**Records for this exercise**
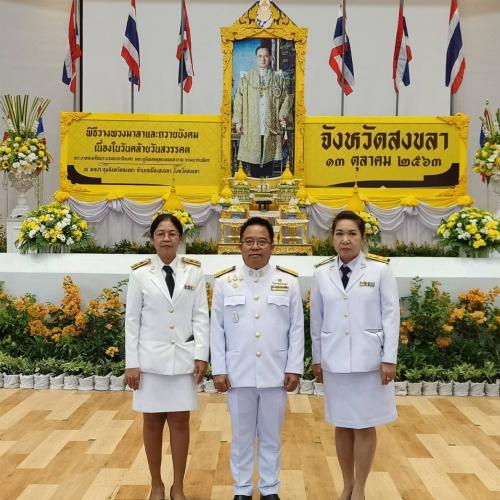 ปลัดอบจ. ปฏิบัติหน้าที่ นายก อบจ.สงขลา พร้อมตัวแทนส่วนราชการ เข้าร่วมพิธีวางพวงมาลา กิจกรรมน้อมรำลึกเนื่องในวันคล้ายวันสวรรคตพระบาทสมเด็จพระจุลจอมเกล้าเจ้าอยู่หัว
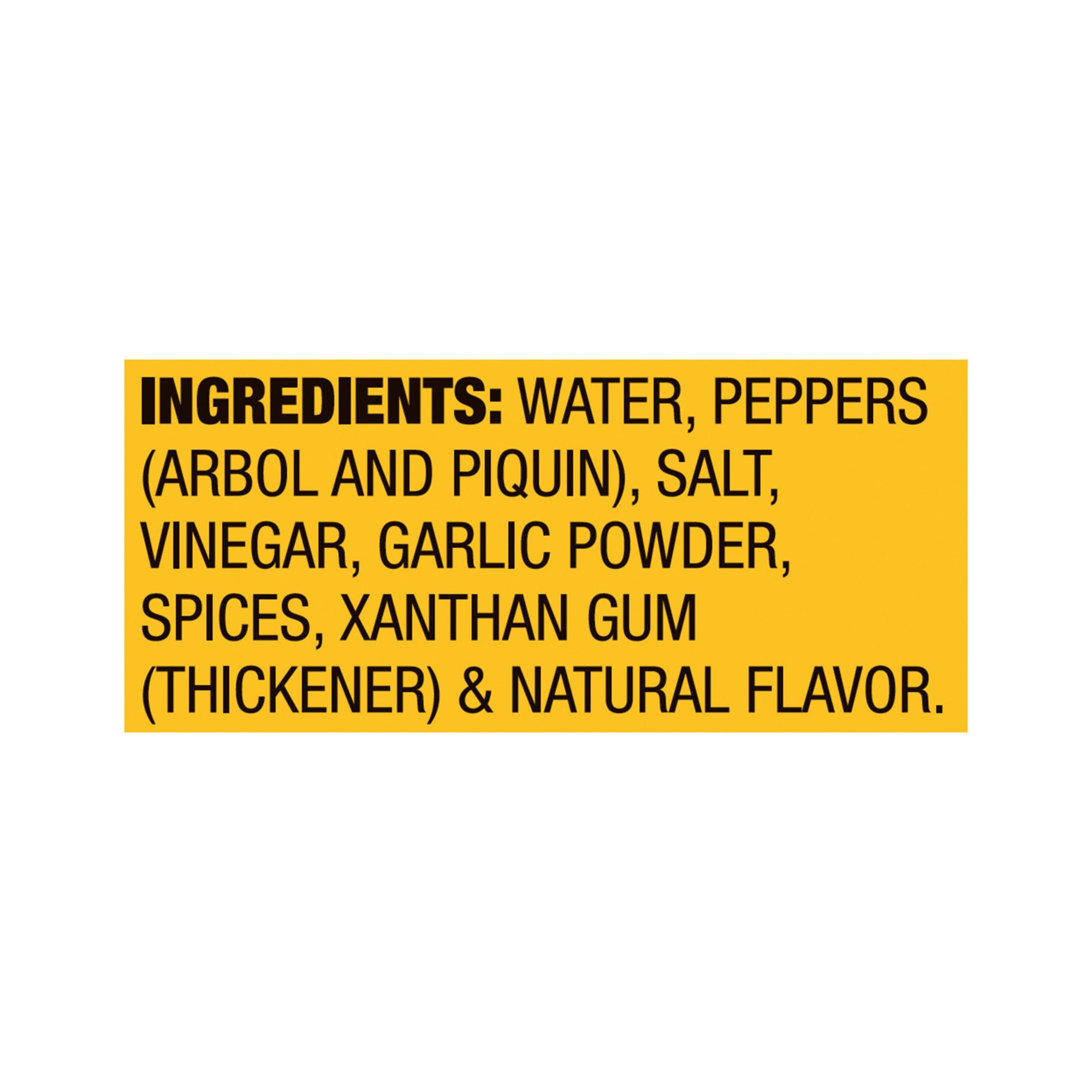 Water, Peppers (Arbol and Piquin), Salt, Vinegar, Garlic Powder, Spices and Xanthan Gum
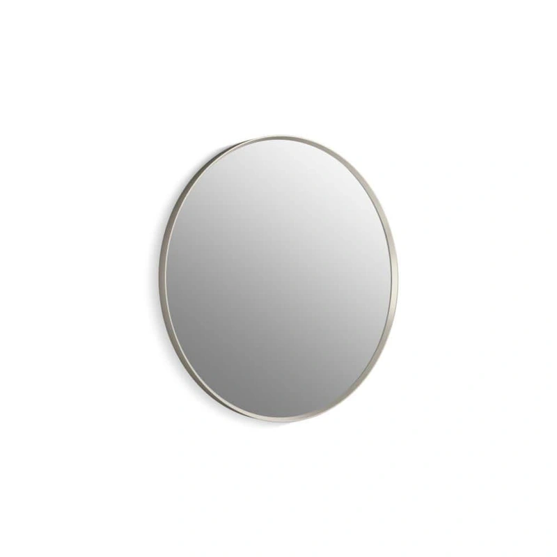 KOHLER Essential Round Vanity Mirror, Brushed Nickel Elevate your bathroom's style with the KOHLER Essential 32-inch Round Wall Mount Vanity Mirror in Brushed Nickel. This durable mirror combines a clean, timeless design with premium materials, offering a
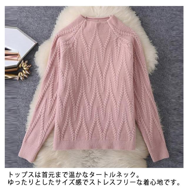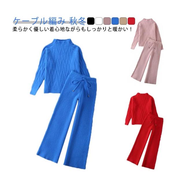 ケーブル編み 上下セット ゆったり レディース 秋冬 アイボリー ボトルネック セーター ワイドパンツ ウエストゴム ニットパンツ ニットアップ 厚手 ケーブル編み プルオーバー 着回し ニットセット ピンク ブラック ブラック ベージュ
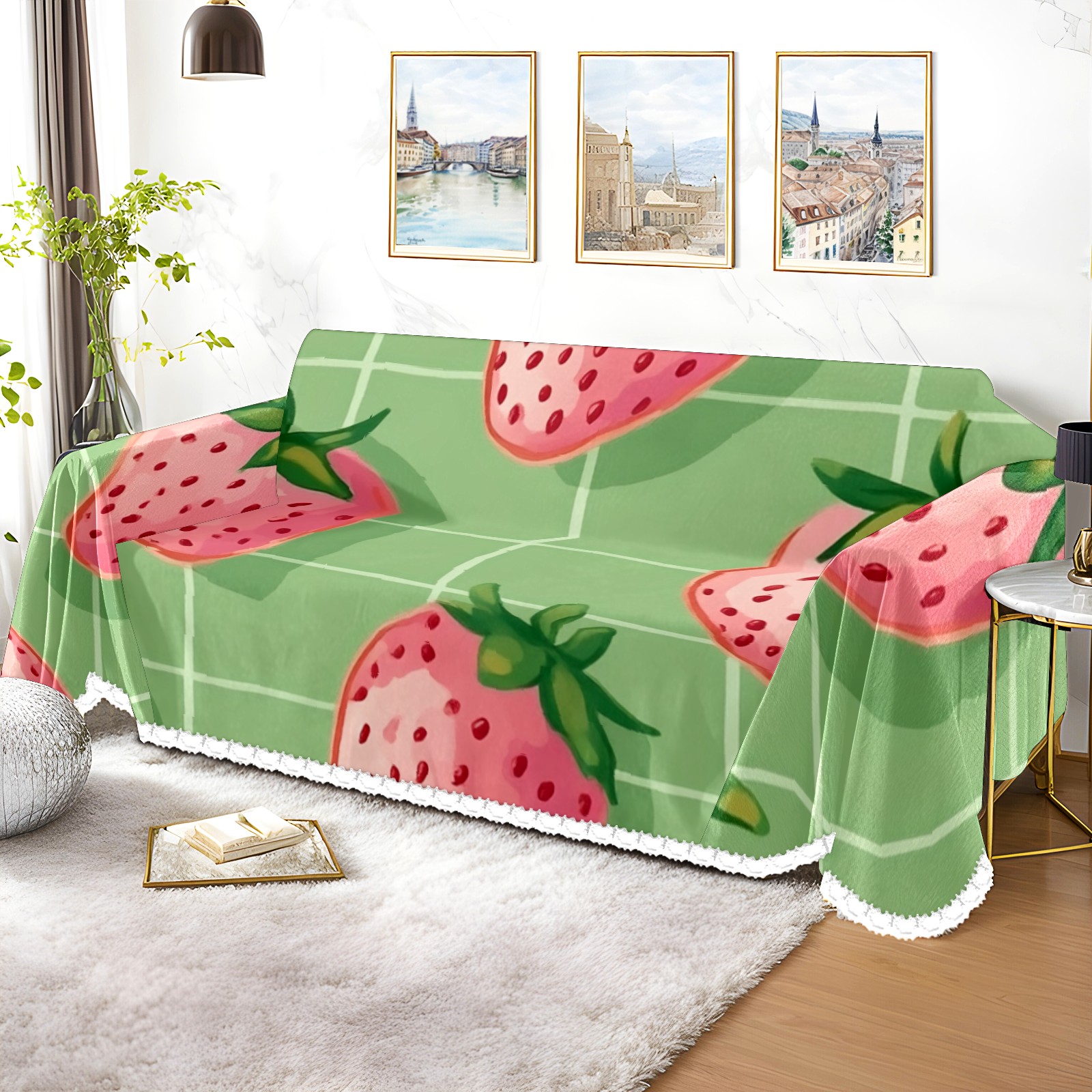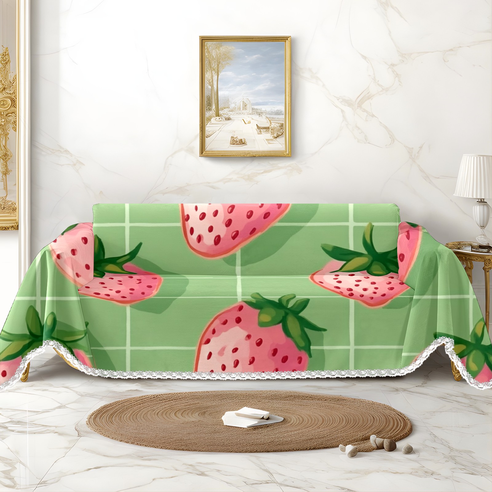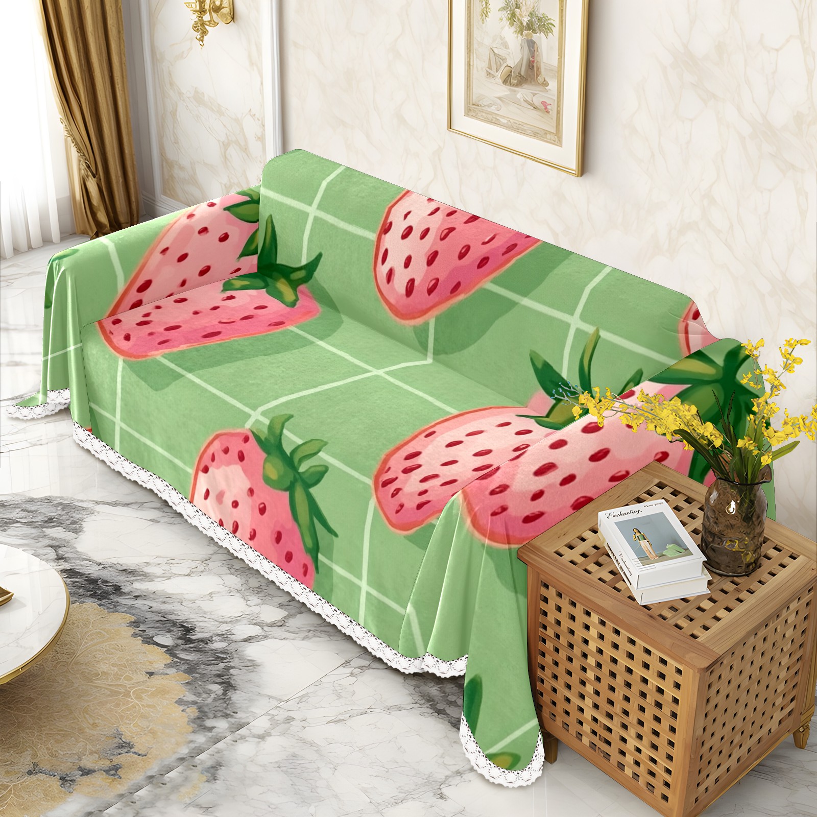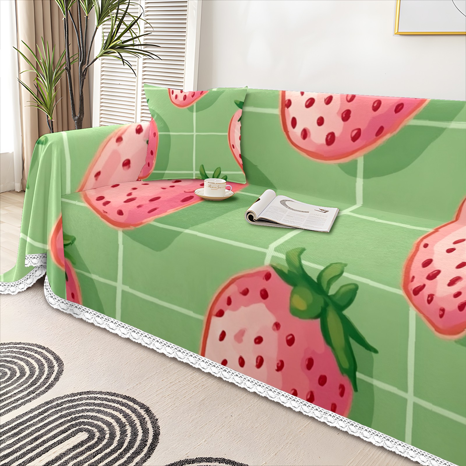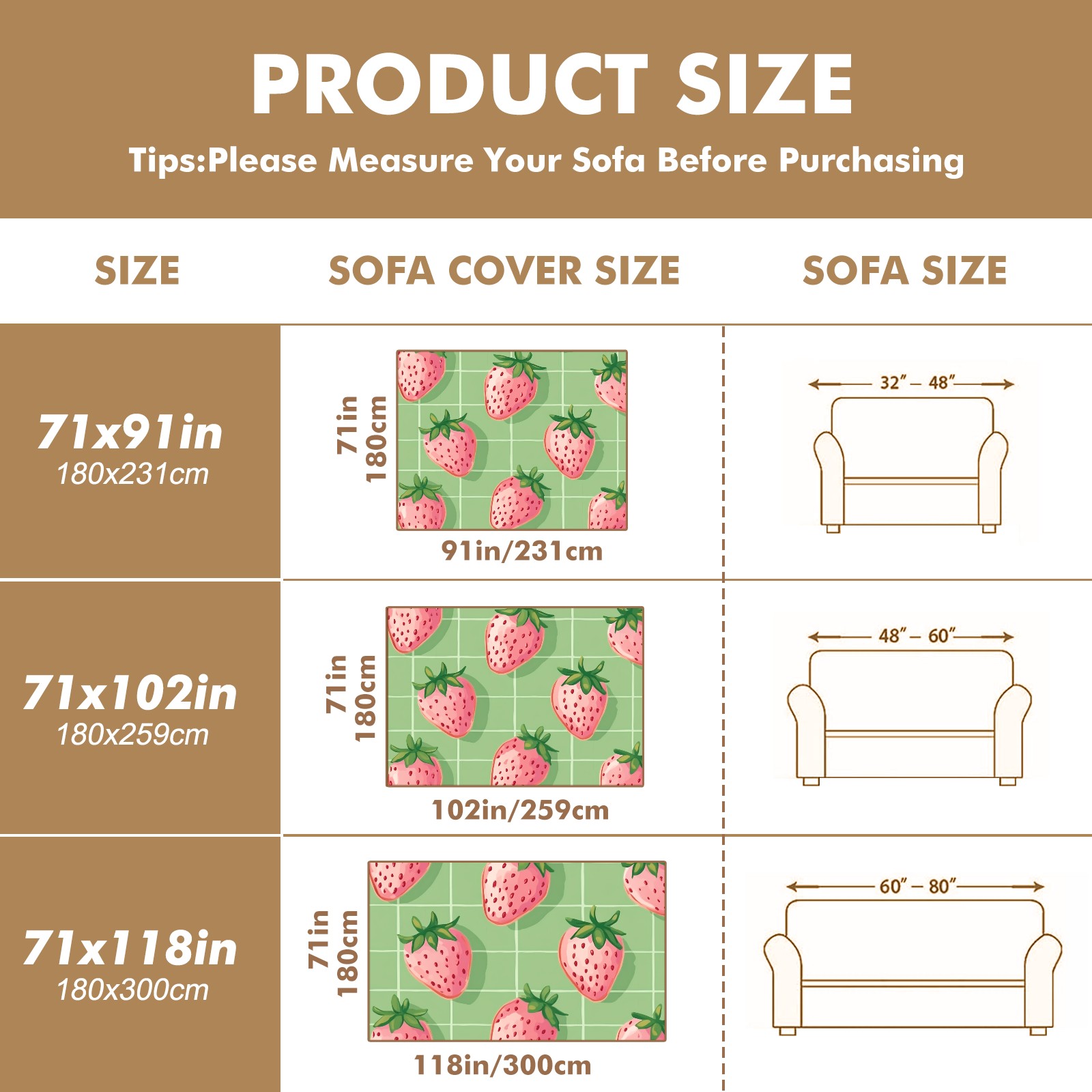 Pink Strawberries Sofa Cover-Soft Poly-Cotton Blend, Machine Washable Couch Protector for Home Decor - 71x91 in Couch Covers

**Aim of the task**
Return the listing above unchanged, apart from dropping its pictures.

**Result of the task**
 ปลัดอบจ. ปฏิบัติหน้าที่ นายก อบจ.สงขลา พร้อมตัวแทนส่วนราชการ เข้าร่วมพิธีวางพวงมาลา กิจกรรมน้อมรำลึกเนื่องในวันคล้ายวันสวรรคตพระบาทสมเด็จพระจุลจอมเกล้าเจ้าอยู่หัว
 Water, Peppers (Arbol and Piquin), Salt, Vinegar, Garlic Powder, Spices and Xanthan Gum
 KOHLER Essential Round Vanity Mirror, Brushed Nickel Elevate your bathroom's style with the KOHLER Essential 32-inch Round Wall Mount Vanity Mirror in Brushed Nickel. This durable mirror combines a clean, timeless design with premium materials, offering a
 ケーブル編み 上下セット ゆったり レディース 秋冬 アイボリー ボトルネック セーター ワイドパンツ ウエストゴム ニットパンツ ニットアップ 厚手 ケーブル編み プルオーバー 着回し ニットセット ピンク ブラック ブラック ベージュ
 Pink Strawberries Sofa Cover-Soft Poly-Cotton Blend, Machine Washable Couch Protector for Home Decor - 71x91 in Couch Covers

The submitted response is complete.